Marketing demo widget

Variable	Purpose
`MARKETING_DEMO_AGENT_ID`	UUID of a published agent that powers the live demo widget on the marketing pages. Add the marketing site URL to that agent's `allowed_origins`.
`DEMO`	Set to `true` to open Login / Get started links in a new tab on the marketing site — useful for reviewers exploring a CodeCanyon live demo without losing the marketing page when they hop into the app.

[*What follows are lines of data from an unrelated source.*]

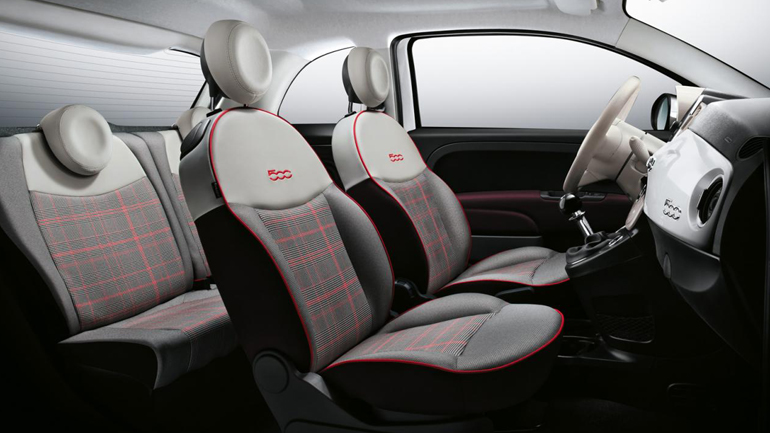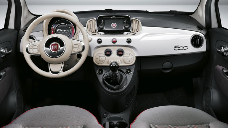 Για την άνεση οδηγού και συνοδηγού, έγιναν κάποιες αναβαθμίσεις στα καθίσματα, ενώ βελτιώθηκε και η ηχομόνωση της καμπίνας. Το Fiat 500 θα προσφέρεται σε τρία επίπεδα εξοπλισμού (Pop, Popstar και Lounge), με τη βασική έκδοση να περιλαμβάνει 7 αερόσακους, ESC, ASR, Hill Holder και Hydraulic Brake Assist, U connect Radio με οθόνη αφής, έξι ηχεία, χειριστήρια στο τιμόνι και LED φώτα ημέρας.
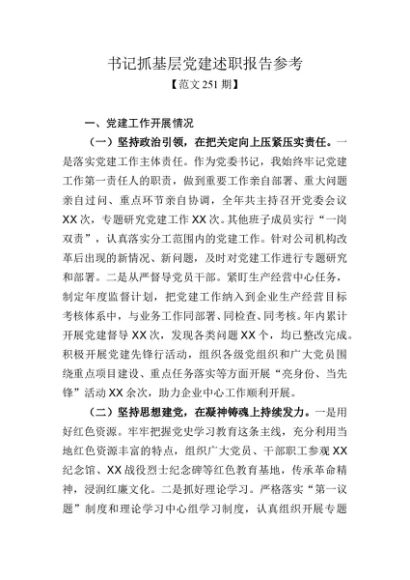 / 范文251期-书记抓基层党建述职报告参考
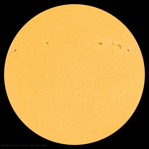 SDO衛星による太陽の可視光写真。マウスの矢印を写真に重ねると、黒点番号付きの写真に切り替わります。

Queue tick (Cloudflare Worker cron)

Variable	Purpose
`INTERNAL_QUEUE_TOKEN`	Shared bearer secret protecting `POST /api/v1/internal/queue-tick`. The Cloudflare Worker cron pings this every 60s to drive the queue when in-cluster scheduling isn't available.

App Settings overrides

The app_settings singleton row stores plaintext-encrypted overrides for:

Stripe secret + webhook secret + publishable key.
Mail driver settings.
Cloudflare / OpenAI / OpenRouter keys.
Branding (label, URL, logo).

The AppSettingsOverrideServiceProvider reads this on boot and merges into config(). Setting things via the admin panel is preferred for production — you don't have to re-deploy when a key rotates.

APP_KEY rotation requires a manual migration. The encrypted columns in app_settings were sealed with the old key; rotating without re-encrypting renders them unreadable.